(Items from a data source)
──────────

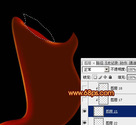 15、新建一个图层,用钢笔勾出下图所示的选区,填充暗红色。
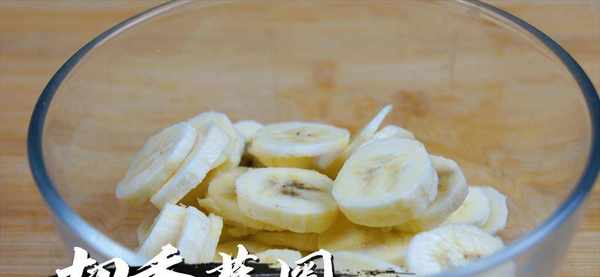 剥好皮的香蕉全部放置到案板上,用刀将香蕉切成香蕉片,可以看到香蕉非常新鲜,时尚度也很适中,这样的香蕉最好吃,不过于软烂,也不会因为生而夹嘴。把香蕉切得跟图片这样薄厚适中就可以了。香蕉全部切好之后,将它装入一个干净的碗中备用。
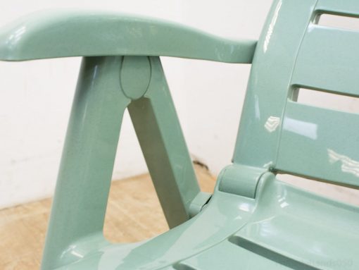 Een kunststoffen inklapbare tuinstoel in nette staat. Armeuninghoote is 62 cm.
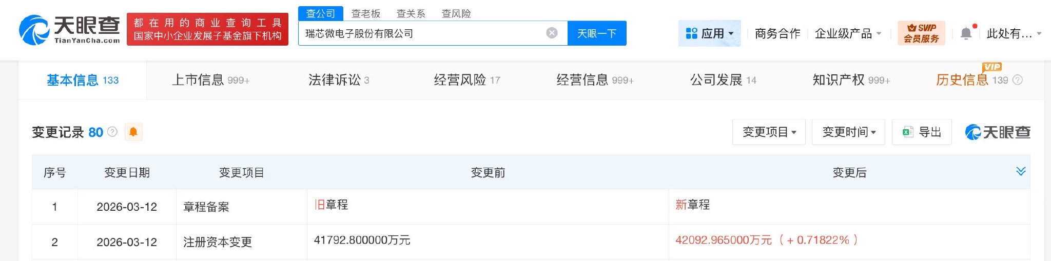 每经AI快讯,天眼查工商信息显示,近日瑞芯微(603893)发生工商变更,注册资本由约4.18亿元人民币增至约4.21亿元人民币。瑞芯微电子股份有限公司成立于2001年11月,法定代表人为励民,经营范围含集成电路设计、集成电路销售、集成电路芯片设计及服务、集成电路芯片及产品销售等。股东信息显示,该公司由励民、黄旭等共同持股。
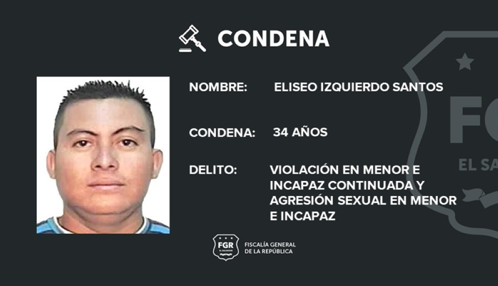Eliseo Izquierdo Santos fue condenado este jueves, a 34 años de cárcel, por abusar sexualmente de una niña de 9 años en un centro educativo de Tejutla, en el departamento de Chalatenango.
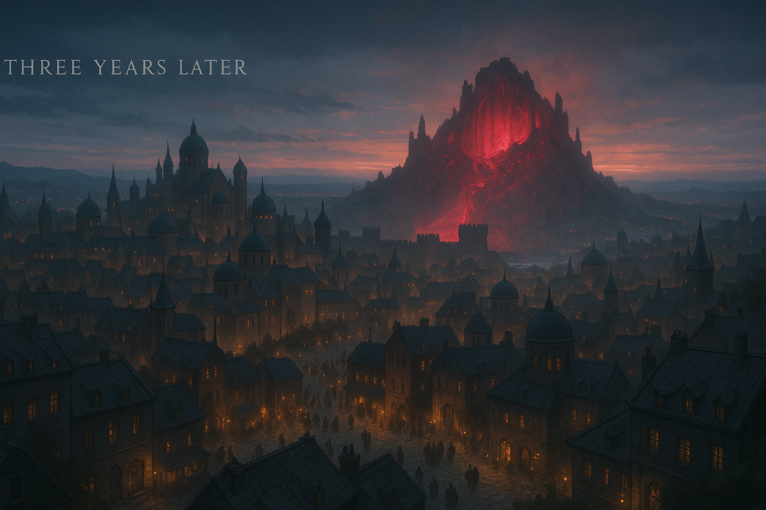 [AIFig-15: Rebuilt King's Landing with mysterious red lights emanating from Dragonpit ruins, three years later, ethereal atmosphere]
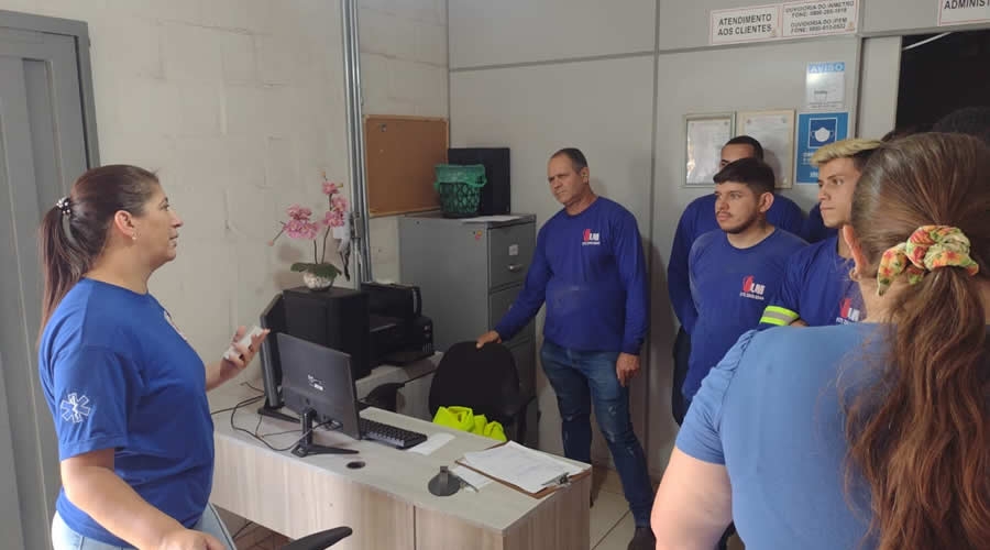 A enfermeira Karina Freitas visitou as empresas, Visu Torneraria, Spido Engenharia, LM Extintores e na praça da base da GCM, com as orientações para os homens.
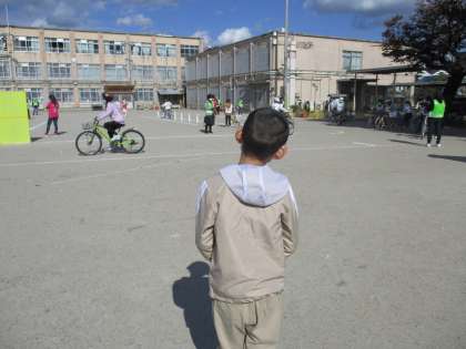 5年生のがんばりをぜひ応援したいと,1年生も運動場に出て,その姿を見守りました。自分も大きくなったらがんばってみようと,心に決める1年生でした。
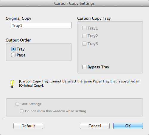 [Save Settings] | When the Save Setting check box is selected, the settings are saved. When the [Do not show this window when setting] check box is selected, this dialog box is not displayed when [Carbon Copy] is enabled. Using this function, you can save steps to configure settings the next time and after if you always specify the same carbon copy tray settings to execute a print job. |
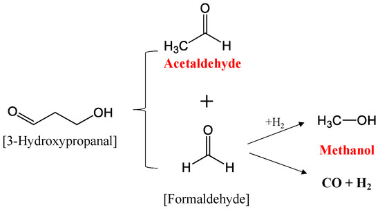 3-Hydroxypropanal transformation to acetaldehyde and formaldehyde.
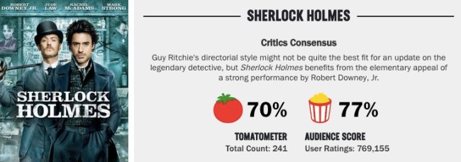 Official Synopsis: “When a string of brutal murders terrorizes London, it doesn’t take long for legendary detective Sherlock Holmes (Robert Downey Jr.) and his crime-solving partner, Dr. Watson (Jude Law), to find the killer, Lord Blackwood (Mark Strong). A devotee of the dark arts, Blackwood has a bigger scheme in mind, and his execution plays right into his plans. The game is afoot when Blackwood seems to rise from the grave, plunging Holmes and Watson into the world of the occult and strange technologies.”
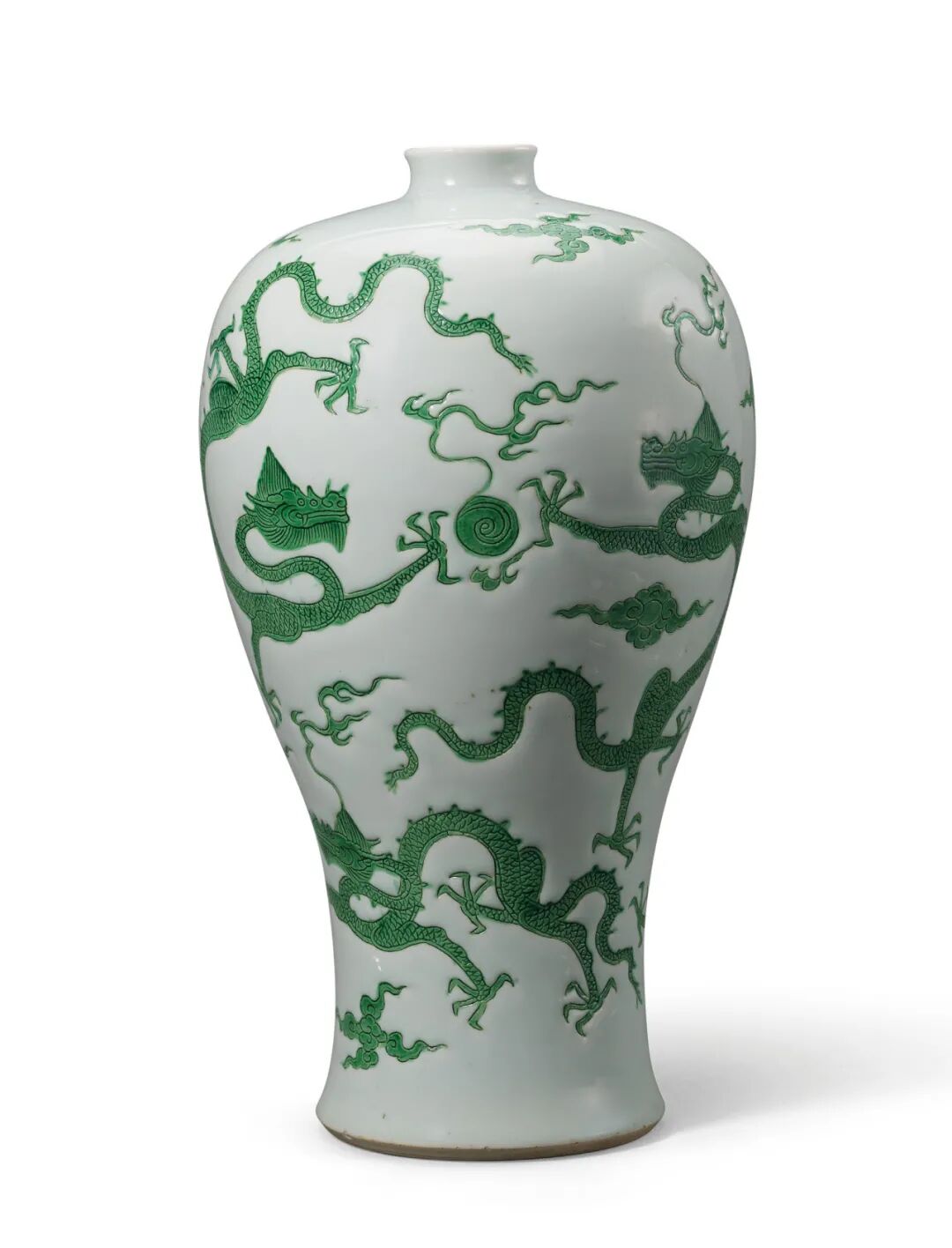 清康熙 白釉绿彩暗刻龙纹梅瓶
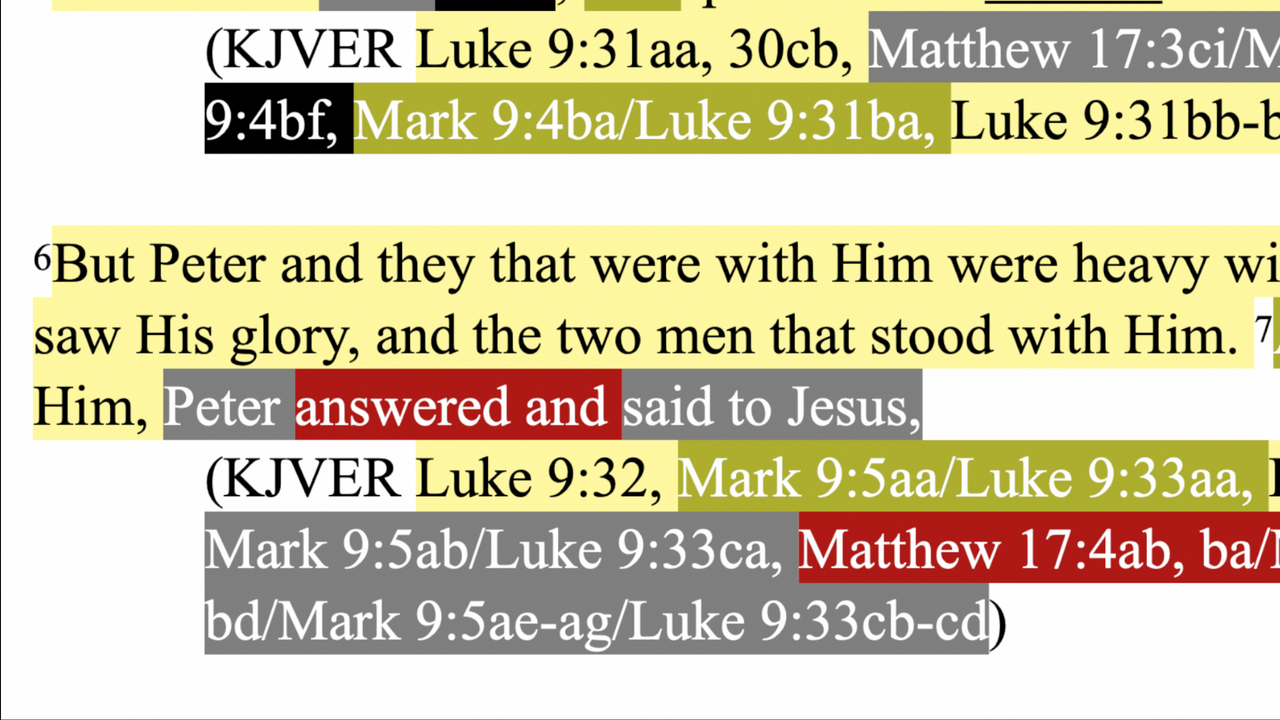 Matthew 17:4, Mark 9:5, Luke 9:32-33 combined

──────────

DIRECTIONS FOR THIS TASK
Skip the pictures and print each record exactly as it stands.

WRITTEN SOLUTION
 15、新建一个图层,用钢笔勾出下图所示的选区,填充暗红色。
 剥好皮的香蕉全部放置到案板上,用刀将香蕉切成香蕉片,可以看到香蕉非常新鲜,时尚度也很适中,这样的香蕉最好吃,不过于软烂,也不会因为生而夹嘴。把香蕉切得跟图片这样薄厚适中就可以了。香蕉全部切好之后,将它装入一个干净的碗中备用。
 Een kunststoffen inklapbare tuinstoel in nette staat. Armeuninghoote is 62 cm.
 每经AI快讯,天眼查工商信息显示,近日瑞芯微(603893)发生工商变更,注册资本由约4.18亿元人民币增至约4.21亿元人民币。瑞芯微电子股份有限公司成立于2001年11月,法定代表人为励民,经营范围含集成电路设计、集成电路销售、集成电路芯片设计及服务、集成电路芯片及产品销售等。股东信息显示,该公司由励民、黄旭等共同持股。
Eliseo Izquierdo Santos fue condenado este jueves, a 34 años de cárcel, por abusar sexualmente de una niña de 9 años en un centro educativo de Tejutla, en el departamento de Chalatenango.
 [AIFig-15: Rebuilt King's Landing with mysterious red lights emanating from Dragonpit ruins, three years later, ethereal atmosphere]
 A enfermeira Karina Freitas visitou as empresas, Visu Torneraria, Spido Engenharia, LM Extintores e na praça da base da GCM, com as orientações para os homens.
 5年生のがんばりをぜひ応援したいと,1年生も運動場に出て,その姿を見守りました。自分も大きくなったらがんばってみようと,心に決める1年生でした。
 [Save Settings] | When the Save Setting check box is selected, the settings are saved. When the [Do not show this window when setting] check box is selected, this dialog box is not displayed when [Carbon Copy] is enabled. Using this function, you can save steps to configure settings the next time and after if you always specify the same carbon copy tray settings to execute a print job. |
 3-Hydroxypropanal transformation to acetaldehyde and formaldehyde.
 Official Synopsis: “When a string of brutal murders terrorizes London, it doesn’t take long for legendary detective Sherlock Holmes (Robert Downey Jr.) and his crime-solving partner, Dr. Watson (Jude Law), to find the killer, Lord Blackwood (Mark Strong). A devotee of the dark arts, Blackwood has a bigger scheme in mind, and his execution plays right into his plans. The game is afoot when Blackwood seems to rise from the grave, plunging Holmes and Watson into the world of the occult and strange technologies.”
 清康熙 白釉绿彩暗刻龙纹梅瓶
 Matthew 17:4, Mark 9:5, Luke 9:32-33 combined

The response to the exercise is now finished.